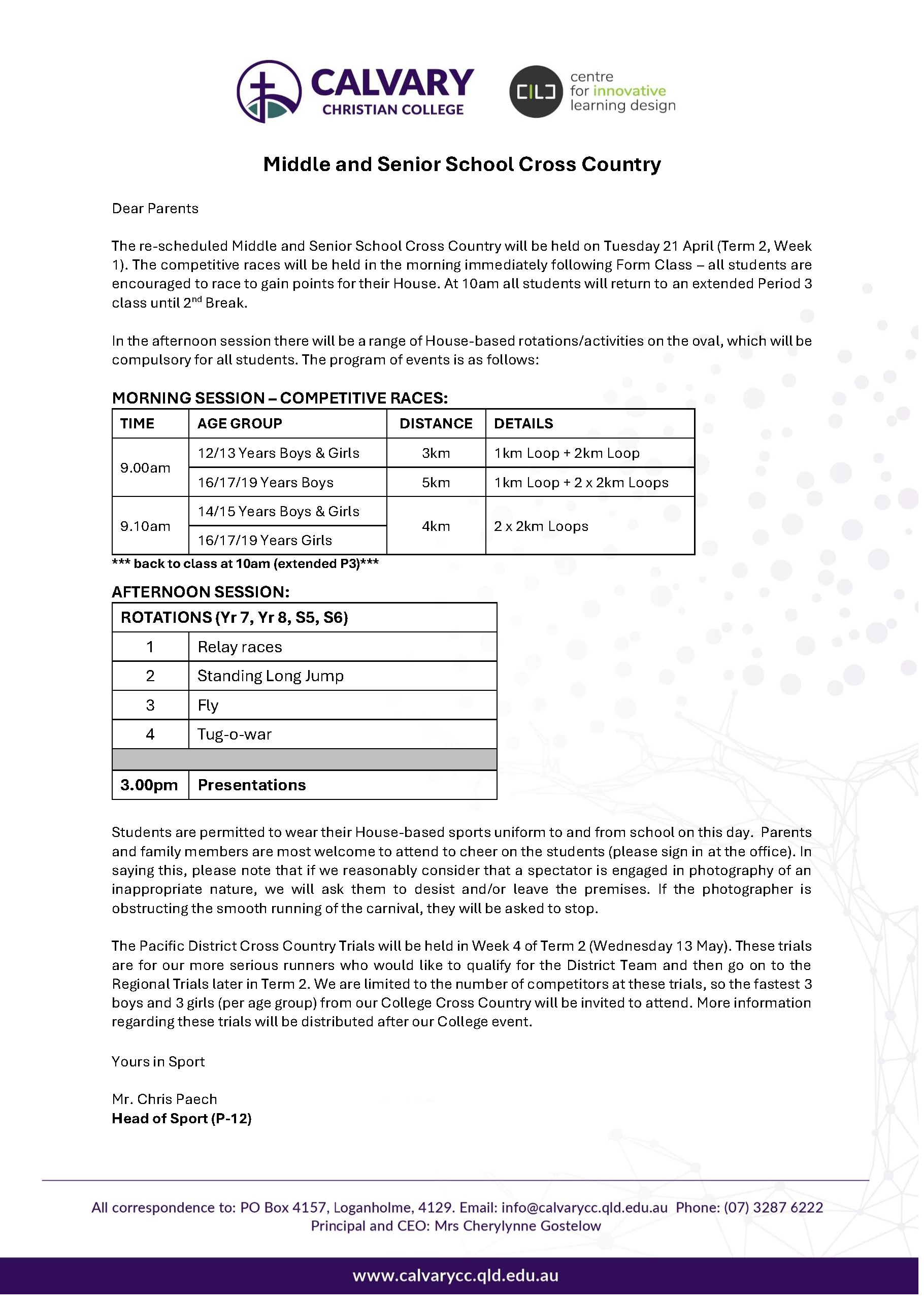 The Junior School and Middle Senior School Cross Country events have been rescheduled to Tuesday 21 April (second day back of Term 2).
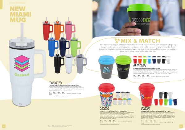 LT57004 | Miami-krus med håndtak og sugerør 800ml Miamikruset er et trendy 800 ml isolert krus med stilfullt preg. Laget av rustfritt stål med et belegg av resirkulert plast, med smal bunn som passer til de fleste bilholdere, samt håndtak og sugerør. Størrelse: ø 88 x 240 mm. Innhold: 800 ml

==

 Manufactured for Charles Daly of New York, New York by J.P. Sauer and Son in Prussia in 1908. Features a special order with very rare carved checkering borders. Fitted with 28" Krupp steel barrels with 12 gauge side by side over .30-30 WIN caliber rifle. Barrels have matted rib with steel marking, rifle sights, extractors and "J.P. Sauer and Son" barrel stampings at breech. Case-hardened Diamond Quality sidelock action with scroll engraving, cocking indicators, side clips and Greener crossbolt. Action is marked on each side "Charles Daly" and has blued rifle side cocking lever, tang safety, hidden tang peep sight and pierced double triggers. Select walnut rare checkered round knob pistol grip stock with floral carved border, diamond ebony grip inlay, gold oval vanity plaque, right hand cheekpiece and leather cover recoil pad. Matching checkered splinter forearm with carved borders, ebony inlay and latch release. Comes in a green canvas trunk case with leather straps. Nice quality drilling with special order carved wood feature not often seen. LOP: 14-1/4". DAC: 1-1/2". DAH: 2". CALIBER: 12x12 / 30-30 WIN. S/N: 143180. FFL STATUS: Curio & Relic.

--

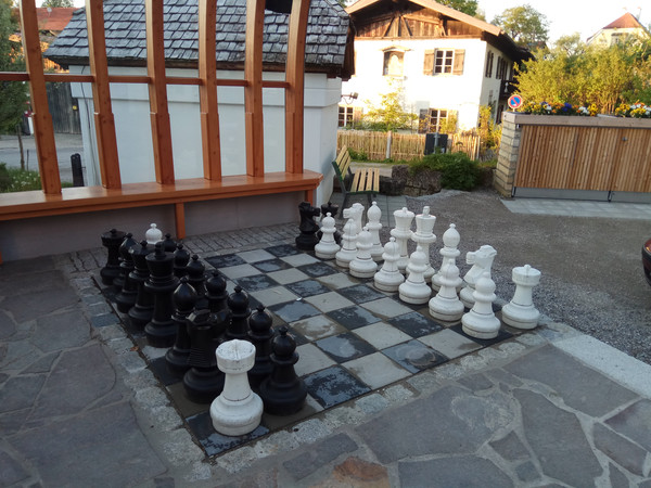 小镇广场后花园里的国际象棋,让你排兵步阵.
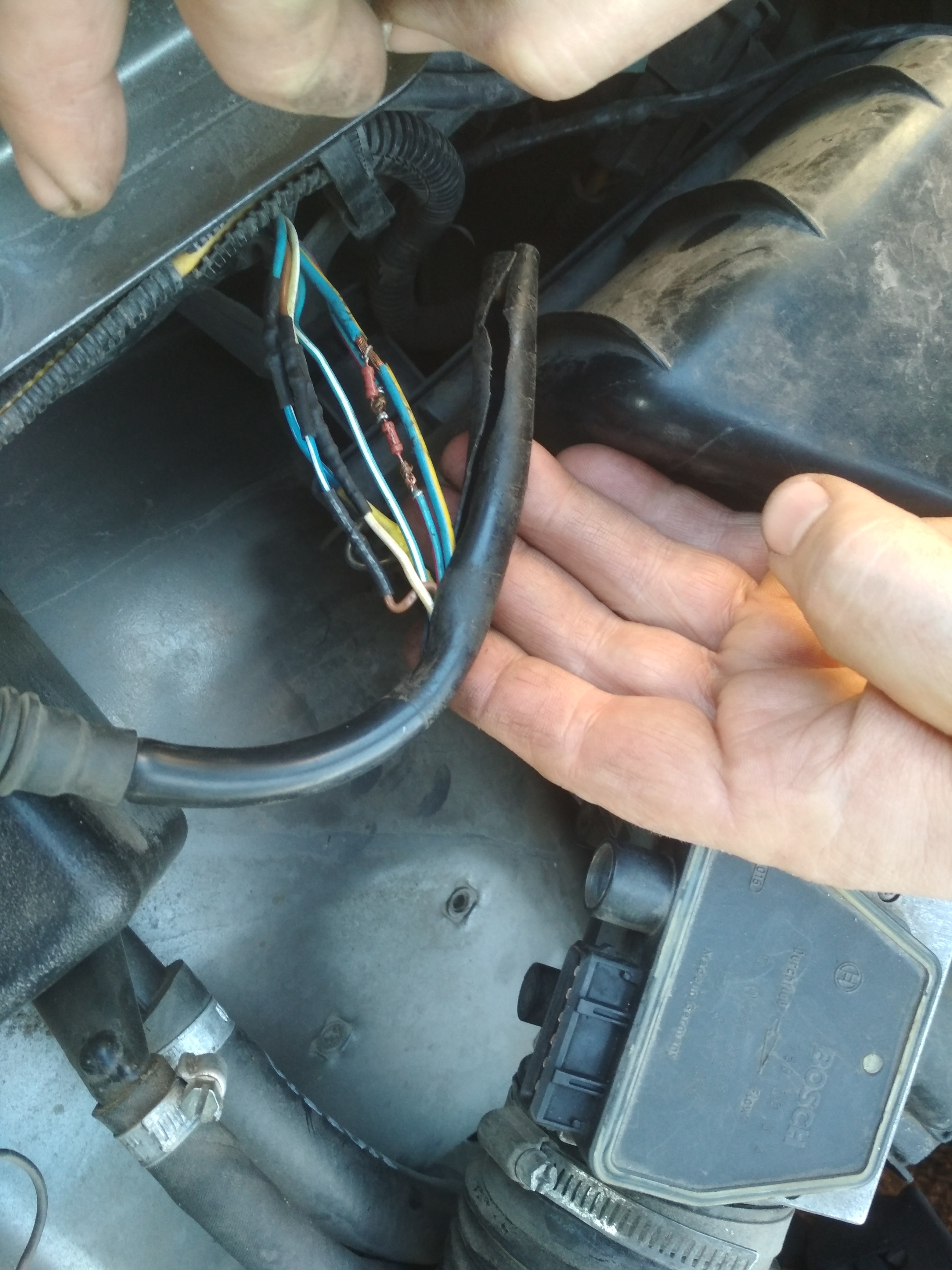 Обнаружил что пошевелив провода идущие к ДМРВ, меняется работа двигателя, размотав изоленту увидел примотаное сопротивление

WHAT YOU HAVE TO DO :: Would you please reproduce the entries above, starting at the line with "The Junior School" and stopping after the line with "LT57004 | Miami-krus"? Omit any pictures.

ANSWER SPACE ::
 The Junior School and Middle Senior School Cross Country events have been rescheduled to Tuesday 21 April (second day back of Term 2).
 LT57004 | Miami-krus med håndtak og sugerør 800ml Miamikruset er et trendy 800 ml isolert krus med stilfullt preg. Laget av rustfritt stål med et belegg av resirkulert plast, med smal bunn som passer til de fleste bilholdere, samt håndtak og sugerør. Størrelse: ø 88 x 240 mm. Innhold: 800 ml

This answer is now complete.